So last year Wiscon had a harassment problem when Elise Matthesen was harassed by somebody who later turned out to be Tor editor Jim Frenkel, who was fired for this and similar harassment. This year Wiscon still has a harassment problem, as Jim Frenkel was allowed to not only attend, but play an active role in the con. Which inevitably led to at least one of his victims being made to feel unsafe.
At best, this is a massive fuckup from a convention that should’ve and could’ve know better, at worst this was a deliberate abnegation of responsibility on the part of the concom.
I mean, this is not some kind of borderline case: Frenkel admitted to what he had done and even his employer found the evidence for his harassment clear enough to fire him for it, so hard could it be to just refuse him entry? As well, both the case and Frenkel are well known enough that anybody on the concom should know who he was and why he shouldn’t have been at the con the moment they saw his name on a membership list or volunteer sheet. Or is that the problem, that he was a well known fan, a friend or acquintance perhaps, who had done something wrong but had apologised and it seemed unfair to punish him further?

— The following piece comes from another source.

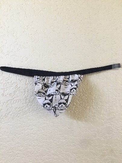 Stormtroopers on parade and at alert adorn this sexy gstring triangle cut mens thong!

But of course, as we all know, to be lenient to a harasser at a con means making your con unsafe for his victims and potential victims, means excluding these people from your con, means you make a choice in favour of harassment. That’s the message that Wiscon has sent out by allowing Frenkel, a year after he was called out for his behaviour, back into the con. Its actions show that it isn’t a safe place, that in fact as an organisation it doesn’t take harassment seriously and thinks the right of the harasser to go to the con trumps that of his victims to feel safe. If I had been harassed by Frenkel or somebody like him, I certainly wouldn’t return to a con that not only hadn’t prevented this harassment, but hadn’t even seem fit to exclude the harasser after the fact.
Again, it’s not as if Wiscon couldn’t have know this would happen, or didn’t have the resources or knowledge to have handled this better, considering the Readercon example, another con that went through a high profile harassment case and then actually took the time to improve both its policies and policing of harassment. Nobody at Wiscon thought to talk to them?
Is it just me, or does this all seem to point at Wiscon not taking harassment at all seriously, thinking that as a feminist convention it couldn’t happen there?